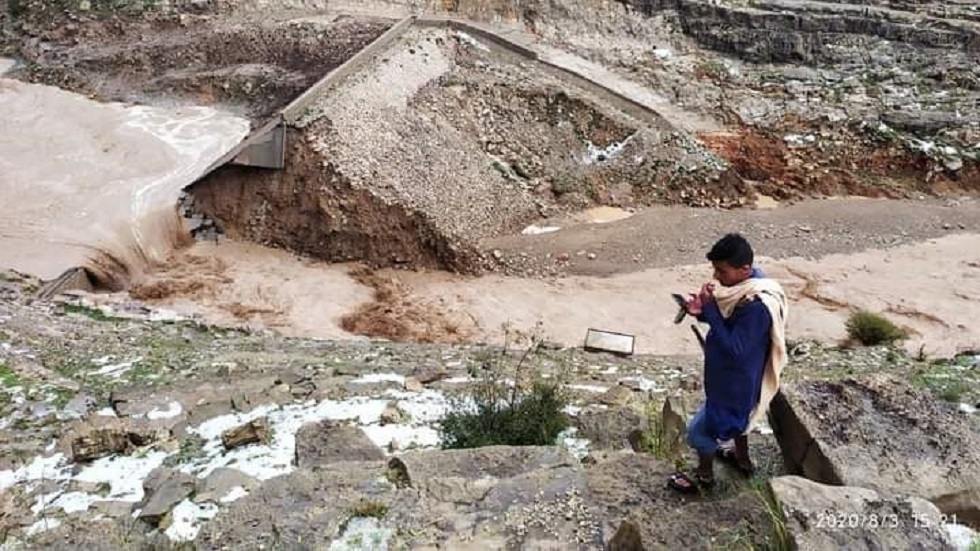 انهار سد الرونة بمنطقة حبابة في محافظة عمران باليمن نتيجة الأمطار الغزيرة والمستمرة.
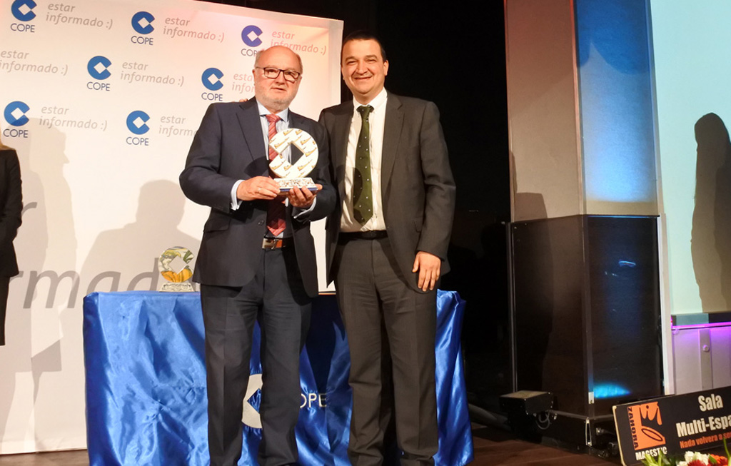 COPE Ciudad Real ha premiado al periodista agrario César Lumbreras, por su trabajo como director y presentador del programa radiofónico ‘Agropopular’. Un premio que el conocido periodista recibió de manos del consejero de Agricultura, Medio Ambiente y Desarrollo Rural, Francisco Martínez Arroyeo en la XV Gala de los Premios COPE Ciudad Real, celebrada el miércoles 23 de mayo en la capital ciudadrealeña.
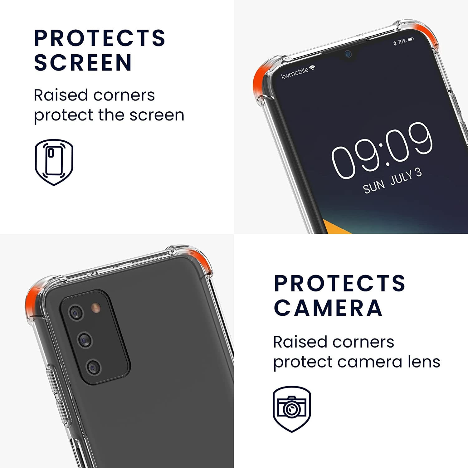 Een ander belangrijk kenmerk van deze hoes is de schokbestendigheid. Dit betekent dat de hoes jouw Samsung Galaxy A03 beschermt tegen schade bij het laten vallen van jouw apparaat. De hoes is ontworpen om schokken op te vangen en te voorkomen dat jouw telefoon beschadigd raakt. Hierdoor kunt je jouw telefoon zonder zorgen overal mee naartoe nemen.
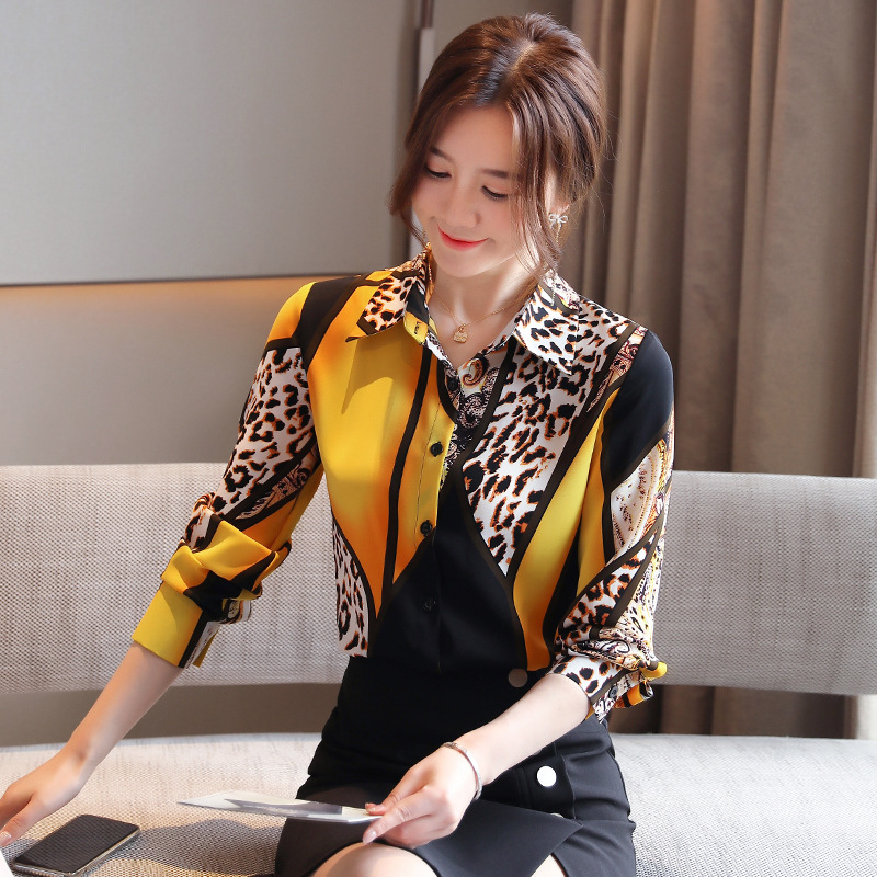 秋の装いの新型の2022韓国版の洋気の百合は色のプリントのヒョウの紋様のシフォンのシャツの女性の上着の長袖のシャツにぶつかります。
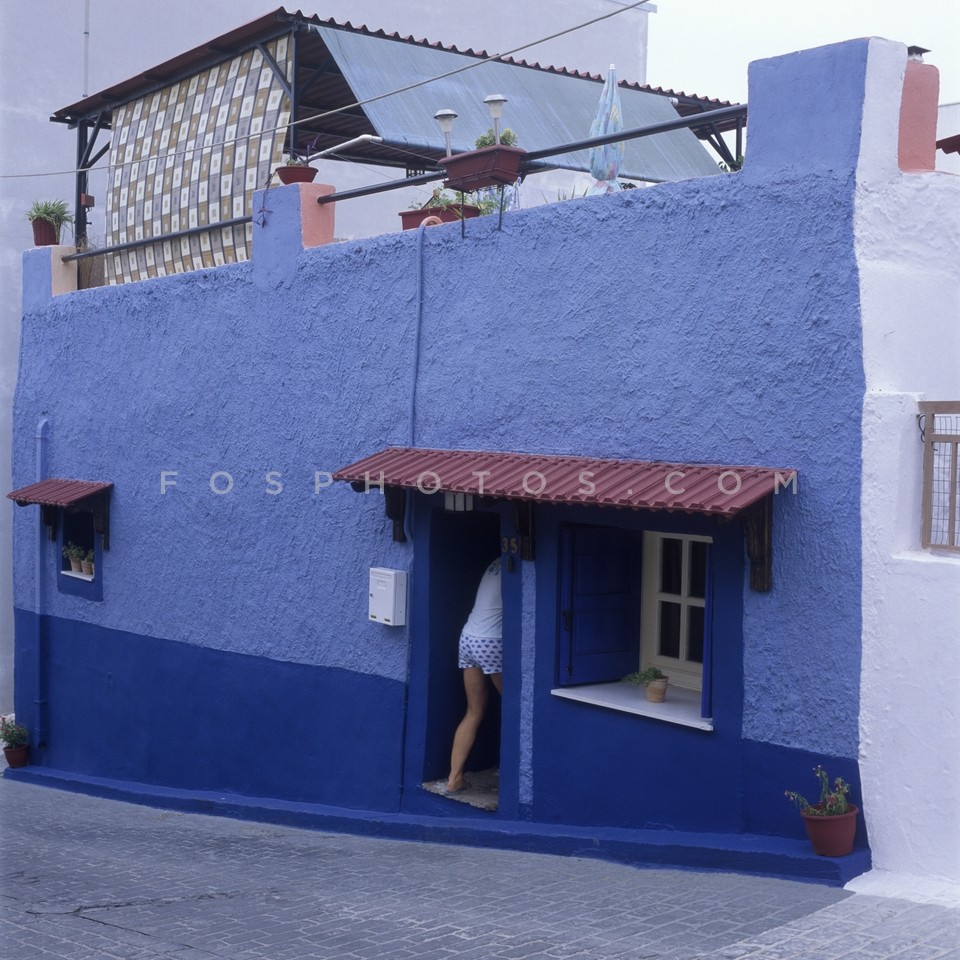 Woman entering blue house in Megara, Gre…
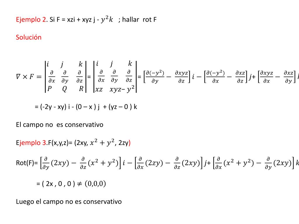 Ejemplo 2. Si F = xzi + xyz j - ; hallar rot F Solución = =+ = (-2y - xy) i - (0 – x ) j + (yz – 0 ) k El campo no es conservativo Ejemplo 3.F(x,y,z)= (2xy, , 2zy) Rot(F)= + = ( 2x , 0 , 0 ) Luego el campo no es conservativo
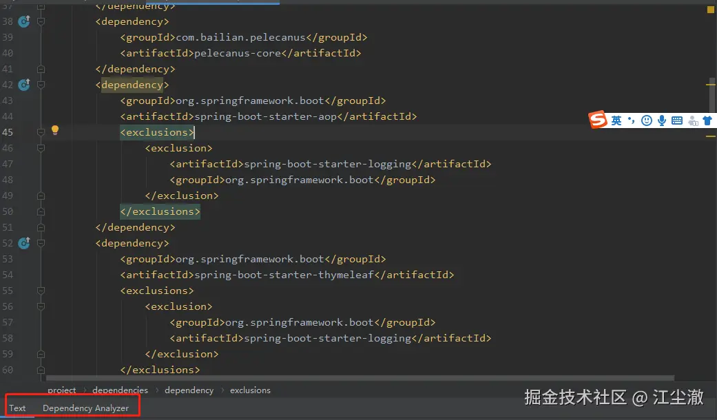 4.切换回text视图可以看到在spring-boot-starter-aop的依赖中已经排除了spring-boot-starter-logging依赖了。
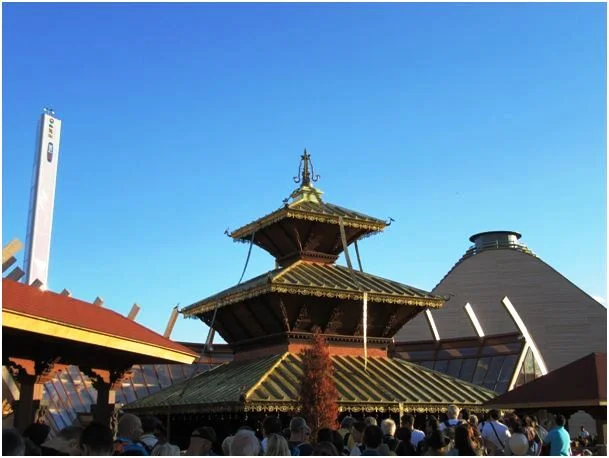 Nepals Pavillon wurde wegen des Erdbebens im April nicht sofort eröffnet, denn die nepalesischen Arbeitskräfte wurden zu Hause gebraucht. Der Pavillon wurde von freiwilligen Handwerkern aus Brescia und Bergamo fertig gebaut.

****************

• WORK ITEM:
With the pictures omitted, print precisely the lines from the one with "秋の装いの新型の2022韓国" to the final line of the records, both included.

• SOLUTION TO THIS EXERCISE:
 秋の装いの新型の2022韓国版の洋気の百合は色のプリントのヒョウの紋様のシフォンのシャツの女性の上着の長袖のシャツにぶつかります。
 Woman entering blue house in Megara, Gre…
 Ejemplo 2. Si F = xzi + xyz j - ; hallar rot F Solución = =+ = (-2y - xy) i - (0 – x ) j + (yz – 0 ) k El campo no es conservativo Ejemplo 3.F(x,y,z)= (2xy, , 2zy) Rot(F)= + = ( 2x , 0 , 0 ) Luego el campo no es conservativo
 4.切换回text视图可以看到在spring-boot-starter-aop的依赖中已经排除了spring-boot-starter-logging依赖了。
 Nepals Pavillon wurde wegen des Erdbebens im April nicht sofort eröffnet, denn die nepalesischen Arbeitskräfte wurden zu Hause gebraucht. Der Pavillon wurde von freiwilligen Handwerkern aus Brescia und Bergamo fertig gebaut.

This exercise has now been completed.